Background: Estimating the extent of affected skin is an important unmet clinical need both for research and practical management in many diseases. In particular, cutaneous burden of chronic graft-vs-host disease (cGVHD) is a primary outcome in many trials. Despite advances in artificial intelligence and 3D photography, progress toward reliable automated techniques is hindered by limited expert time to delineate cGVHD patient images. Crowdsourcing may have potential to provide the requisite expert-level data.
Materials and methods: Forty-one three-dimensional photographs of three cutaneous cGVHD patients were delineated by a board-certified dermatologist. 410 two-dimensional projections of the raw photos were each annotated by seven crowd workers, whose consensus performance was compared to the expert.
Results: The consensus delineation by four of seven crowd workers achieved the highest agreement with the expert, measured by a median Dice index of 0.7551 across all 410 images, outperforming even the best worker from the crowd (Dice index 0.7216).
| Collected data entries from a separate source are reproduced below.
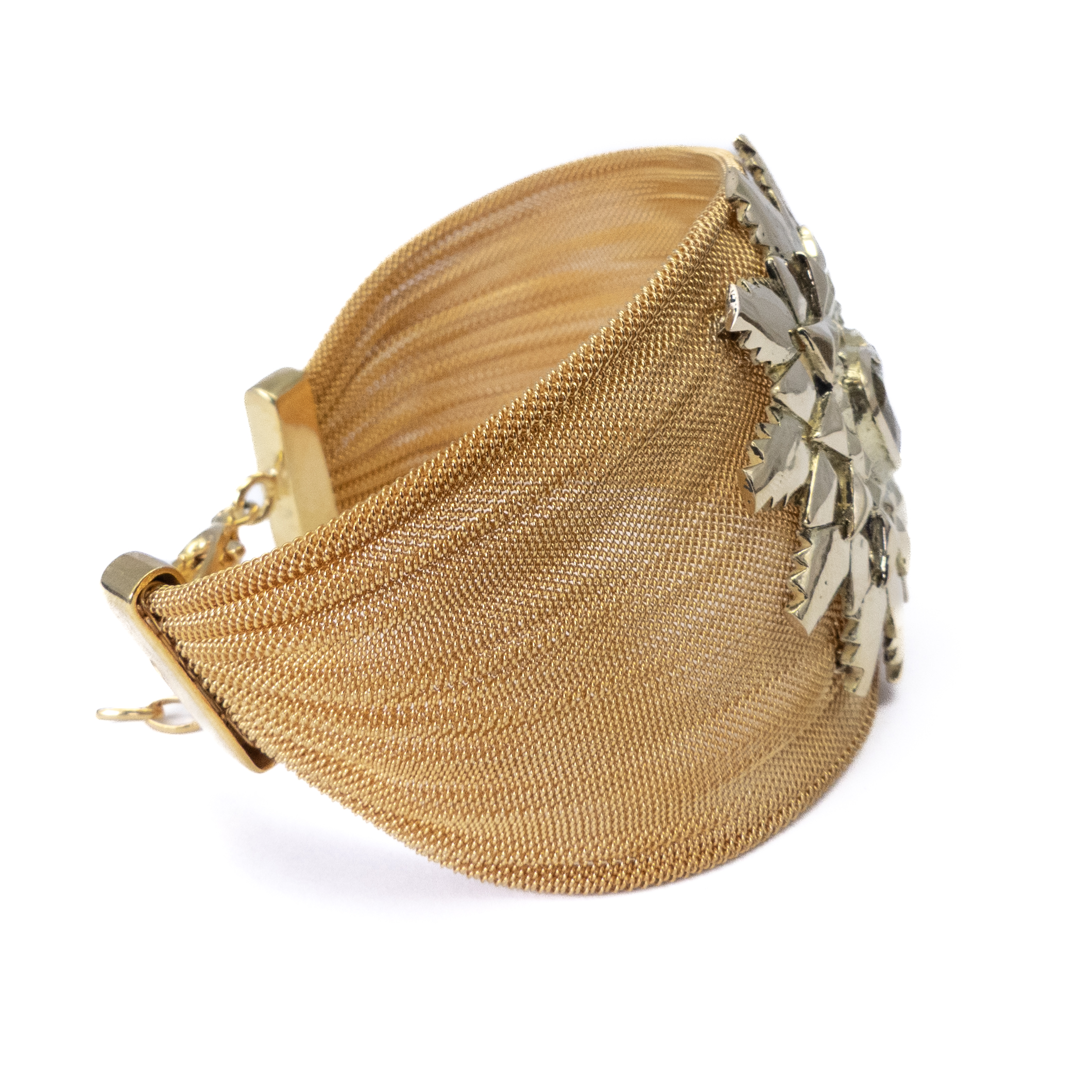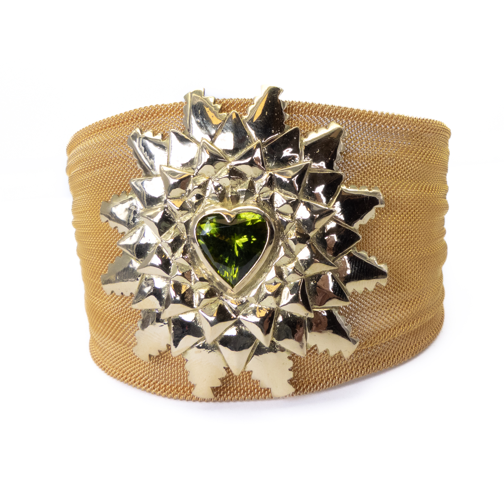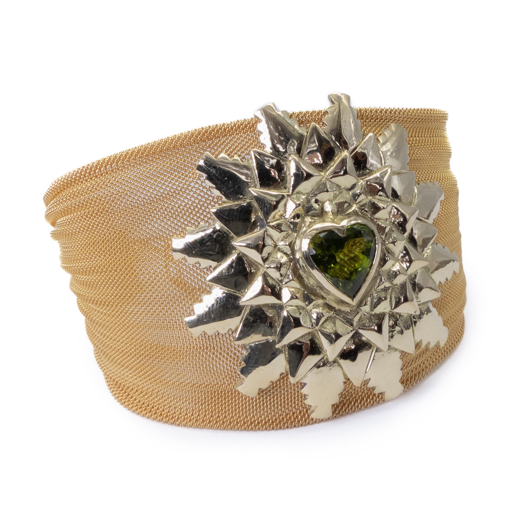 Brazalete de malla de plata con baño de oro, oro amarillo de 18k y periodo tallado en forma de corazón.
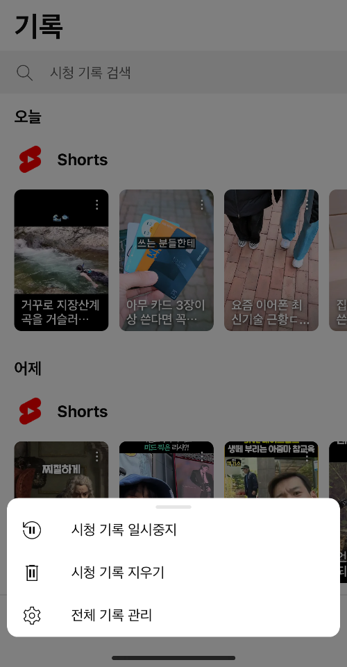 그럴때는 유튜브 내에서 시청기록을 지워보자!
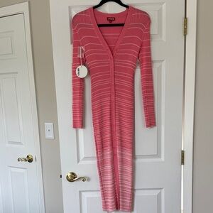 NWT!! Elegant pink long sleeve midi dress perfect for any occasion. Features a stylish button-down front and a flattering fit.
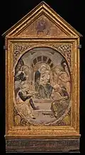 Paolo Schiavo, painted and framed relief after model by Donatello | Madonna and Child Between Angels, God the Father, Eve and a Crowned Prophet | tabernacle, relief | stucco (relief) in wooden framing, painted and gilded | 12.1 × 9.5 (relief) 36.5 × 20.2 × 5.2 |
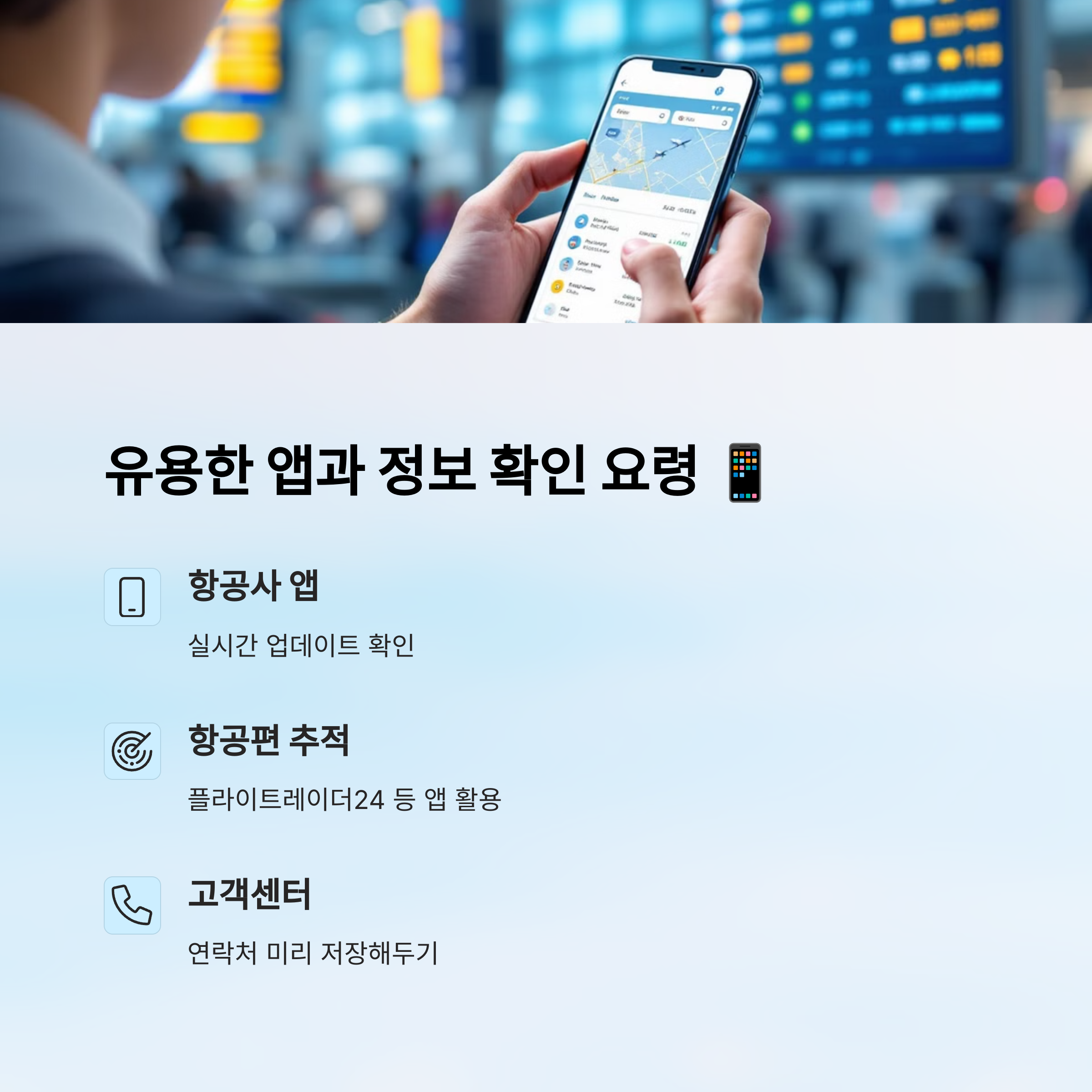 | 2 | 항공사 앱 확인 | 실시간 알림 확인 |
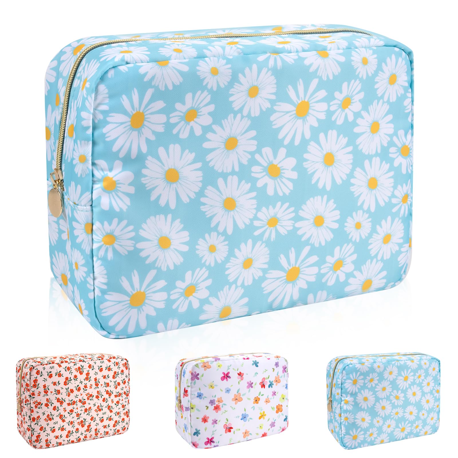 Iqimott Nylon Large Makeup Bag Travel Pouch, Preppy Big Cosmetic Bag Makeup Organizer Nylon Large Capacity Toiletry Bag, Waterproof Large Zipper Pouch Storage Bag for Women Girls Teens(Pink)

For their internal agreement, crowd workers achieved a median Fleiss's kappa of 0.4140 across the images. The time a worker spent marking an image had only weak correlation with the surface area marked, and very low correlation with accuracy. Percent of pixels selected by the consensus exhibited good correlation (Pearson R = 0.81) with the patient's affected surface area.
Conclusion: Crowdsourcing may be an efficient method for obtaining demarcations of affected skin, on par with expert performance. Crowdsourced data generally agreed with the current clinical standard of percent body surface area to assess cGVHD severity in the skin.
Keywords: body surface area; crowdsourcing; graft-vs-host disease; machine learning; photography; stem cell transplantation; three-dimensional imaging.
Published 2019. This article is a U.S. Government work and is in the public domain in the USA.